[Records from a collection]
--- START ---

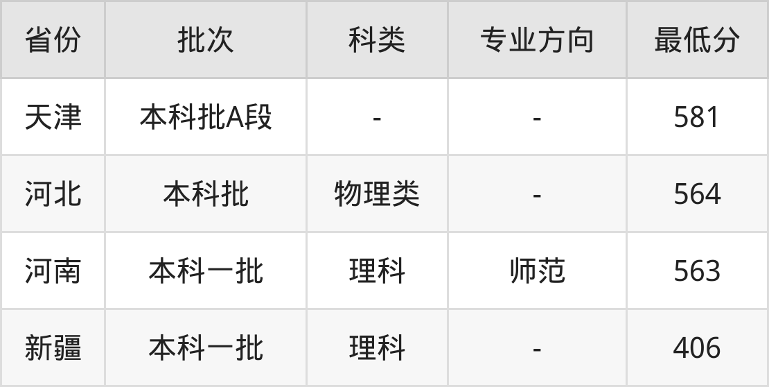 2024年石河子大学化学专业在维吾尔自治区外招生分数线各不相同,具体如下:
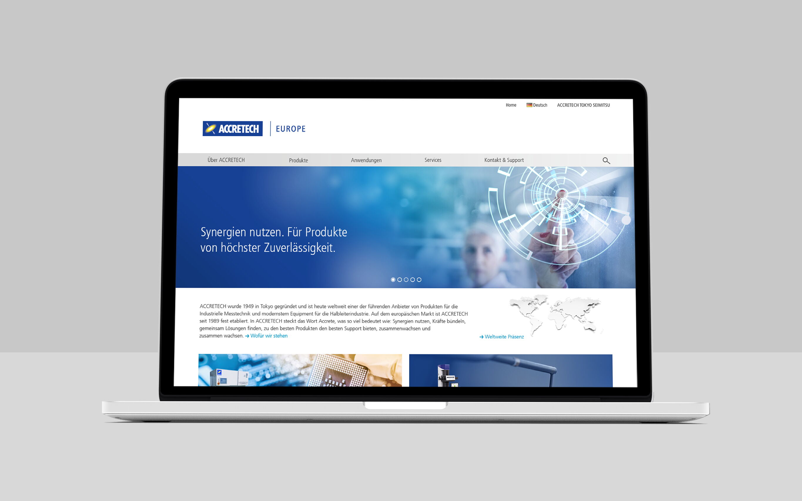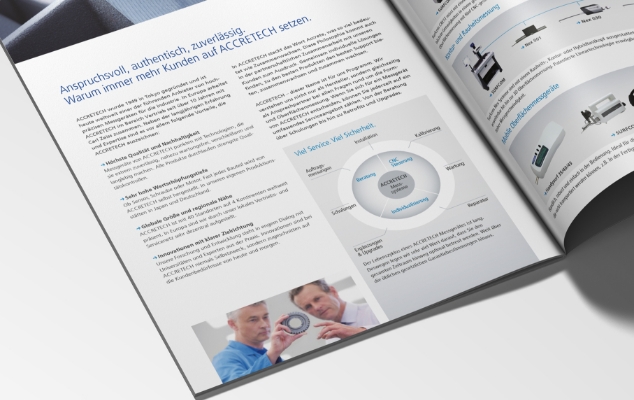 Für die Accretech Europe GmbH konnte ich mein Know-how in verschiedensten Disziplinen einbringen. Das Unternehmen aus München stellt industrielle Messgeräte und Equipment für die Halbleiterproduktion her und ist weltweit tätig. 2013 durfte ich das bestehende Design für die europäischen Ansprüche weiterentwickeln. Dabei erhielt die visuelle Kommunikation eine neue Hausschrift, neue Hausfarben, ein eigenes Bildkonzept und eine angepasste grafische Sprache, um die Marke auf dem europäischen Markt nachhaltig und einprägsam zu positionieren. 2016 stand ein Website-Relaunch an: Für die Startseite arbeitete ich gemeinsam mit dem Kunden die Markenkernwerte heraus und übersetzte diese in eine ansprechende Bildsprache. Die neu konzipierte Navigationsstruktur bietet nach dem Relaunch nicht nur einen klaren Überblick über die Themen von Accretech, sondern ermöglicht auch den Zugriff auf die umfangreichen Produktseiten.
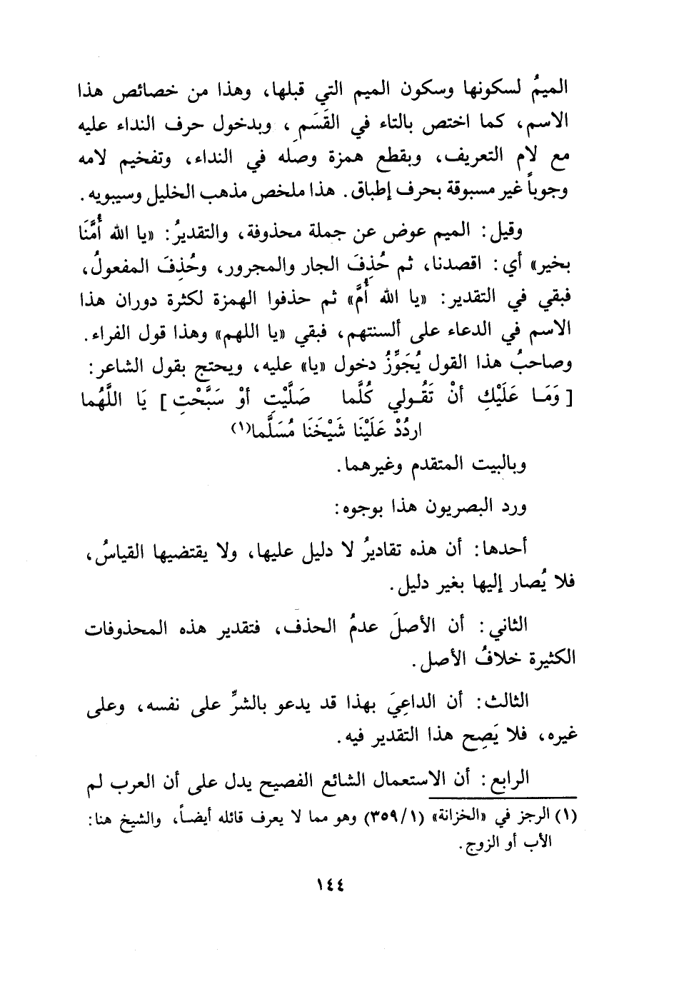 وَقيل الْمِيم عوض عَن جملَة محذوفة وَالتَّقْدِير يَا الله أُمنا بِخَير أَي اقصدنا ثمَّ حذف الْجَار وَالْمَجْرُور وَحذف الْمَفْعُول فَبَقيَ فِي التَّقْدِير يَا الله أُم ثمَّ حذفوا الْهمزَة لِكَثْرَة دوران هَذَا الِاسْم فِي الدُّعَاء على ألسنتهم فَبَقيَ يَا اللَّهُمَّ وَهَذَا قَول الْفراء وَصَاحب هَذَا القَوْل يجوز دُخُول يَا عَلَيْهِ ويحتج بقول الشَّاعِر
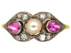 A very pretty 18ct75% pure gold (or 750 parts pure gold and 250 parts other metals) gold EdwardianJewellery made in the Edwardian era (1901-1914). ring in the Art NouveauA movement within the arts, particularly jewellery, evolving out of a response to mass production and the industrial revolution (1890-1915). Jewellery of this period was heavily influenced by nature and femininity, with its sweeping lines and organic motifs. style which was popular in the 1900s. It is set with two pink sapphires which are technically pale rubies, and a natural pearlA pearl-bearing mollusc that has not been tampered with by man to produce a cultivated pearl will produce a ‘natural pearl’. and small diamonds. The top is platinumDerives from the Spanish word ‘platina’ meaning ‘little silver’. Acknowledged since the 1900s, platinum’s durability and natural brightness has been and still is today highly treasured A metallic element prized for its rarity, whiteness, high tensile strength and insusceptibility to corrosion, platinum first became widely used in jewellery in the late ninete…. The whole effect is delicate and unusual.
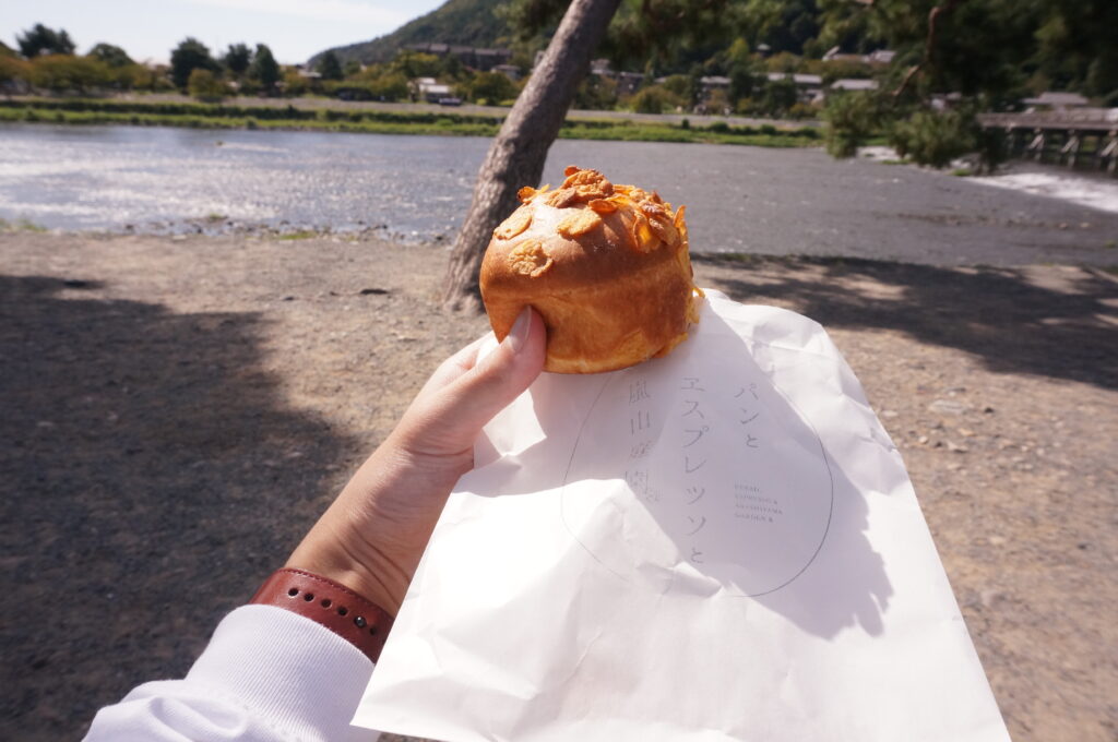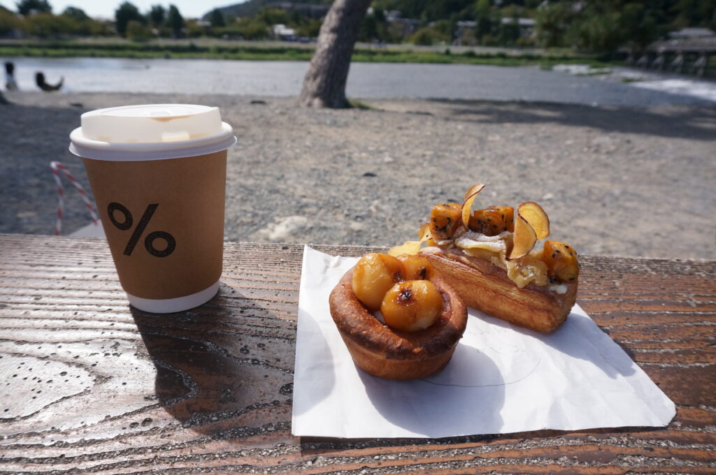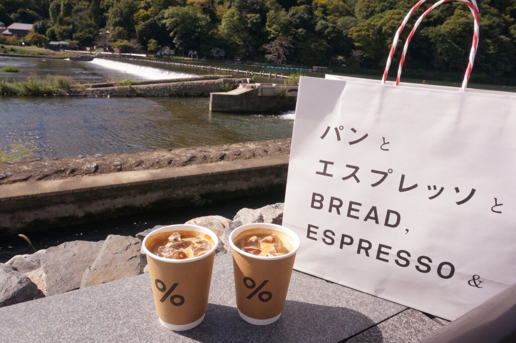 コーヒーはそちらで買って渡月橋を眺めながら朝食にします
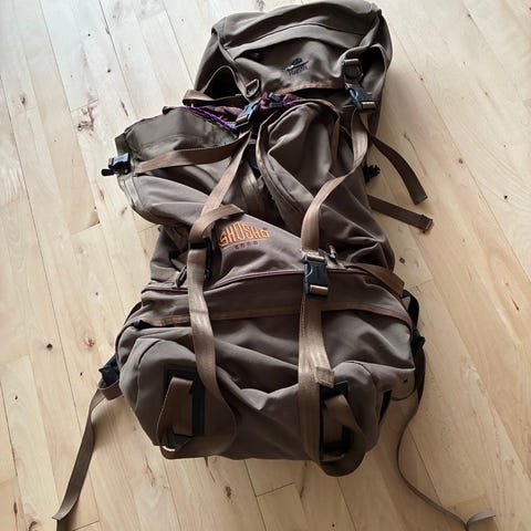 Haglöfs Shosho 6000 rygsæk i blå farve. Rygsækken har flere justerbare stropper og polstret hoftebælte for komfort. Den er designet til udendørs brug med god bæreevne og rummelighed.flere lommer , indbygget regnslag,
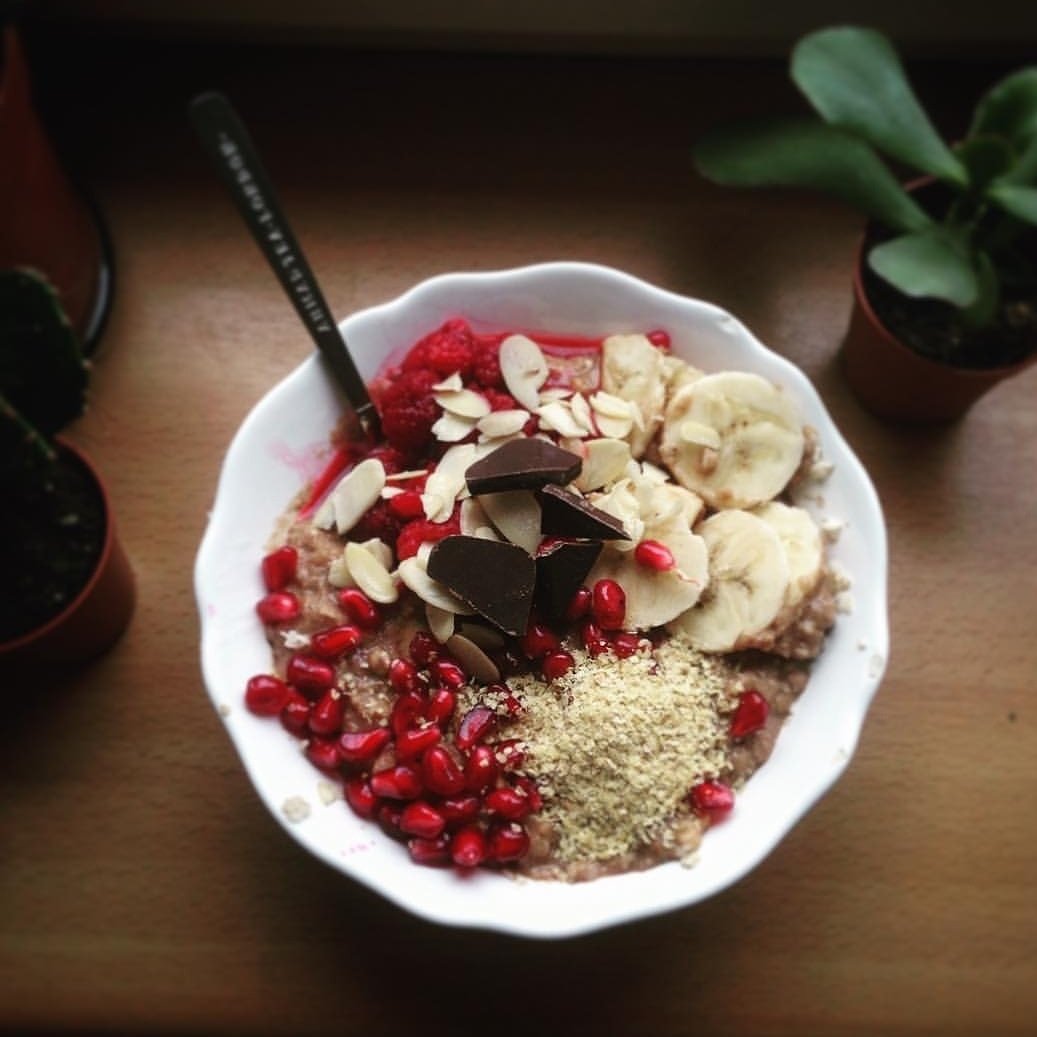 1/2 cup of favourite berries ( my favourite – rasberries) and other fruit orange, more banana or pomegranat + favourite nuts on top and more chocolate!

--- END ---

> [Exercise directions] Could you transcribe the records above exactly, leaving every picture out?

> [Solution to this problem]
 2024年石河子大学化学专业在维吾尔自治区外招生分数线各不相同,具体如下:
 Für die Accretech Europe GmbH konnte ich mein Know-how in verschiedensten Disziplinen einbringen. Das Unternehmen aus München stellt industrielle Messgeräte und Equipment für die Halbleiterproduktion her und ist weltweit tätig. 2013 durfte ich das bestehende Design für die europäischen Ansprüche weiterentwickeln. Dabei erhielt die visuelle Kommunikation eine neue Hausschrift, neue Hausfarben, ein eigenes Bildkonzept und eine angepasste grafische Sprache, um die Marke auf dem europäischen Markt nachhaltig und einprägsam zu positionieren. 2016 stand ein Website-Relaunch an: Für die Startseite arbeitete ich gemeinsam mit dem Kunden die Markenkernwerte heraus und übersetzte diese in eine ansprechende Bildsprache. Die neu konzipierte Navigationsstruktur bietet nach dem Relaunch nicht nur einen klaren Überblick über die Themen von Accretech, sondern ermöglicht auch den Zugriff auf die umfangreichen Produktseiten.
 وَقيل الْمِيم عوض عَن جملَة محذوفة وَالتَّقْدِير يَا الله أُمنا بِخَير أَي اقصدنا ثمَّ حذف الْجَار وَالْمَجْرُور وَحذف الْمَفْعُول فَبَقيَ فِي التَّقْدِير يَا الله أُم ثمَّ حذفوا الْهمزَة لِكَثْرَة دوران هَذَا الِاسْم فِي الدُّعَاء على ألسنتهم فَبَقيَ يَا اللَّهُمَّ وَهَذَا قَول الْفراء وَصَاحب هَذَا القَوْل يجوز دُخُول يَا عَلَيْهِ ويحتج بقول الشَّاعِر
 A very pretty 18ct75% pure gold (or 750 parts pure gold and 250 parts other metals) gold EdwardianJewellery made in the Edwardian era (1901-1914). ring in the Art NouveauA movement within the arts, particularly jewellery, evolving out of a response to mass production and the industrial revolution (1890-1915). Jewellery of this period was heavily influenced by nature and femininity, with its sweeping lines and organic motifs. style which was popular in the 1900s. It is set with two pink sapphires which are technically pale rubies, and a natural pearlA pearl-bearing mollusc that has not been tampered with by man to produce a cultivated pearl will produce a ‘natural pearl’. and small diamonds. The top is platinumDerives from the Spanish word ‘platina’ meaning ‘little silver’. Acknowledged since the 1900s, platinum’s durability and natural brightness has been and still is today highly treasured A metallic element prized for its rarity, whiteness, high tensile strength and insusceptibility to corrosion, platinum first became widely used in jewellery in the late ninete…. The whole effect is delicate and unusual.
 コーヒーはそちらで買って渡月橋を眺めながら朝食にします
 Haglöfs Shosho 6000 rygsæk i blå farve. Rygsækken har flere justerbare stropper og polstret hoftebælte for komfort. Den er designet til udendørs brug med god bæreevne og rummelighed.flere lommer , indbygget regnslag,
 1/2 cup of favourite berries ( my favourite – rasberries) and other fruit orange, more banana or pomegranat + favourite nuts on top and more chocolate!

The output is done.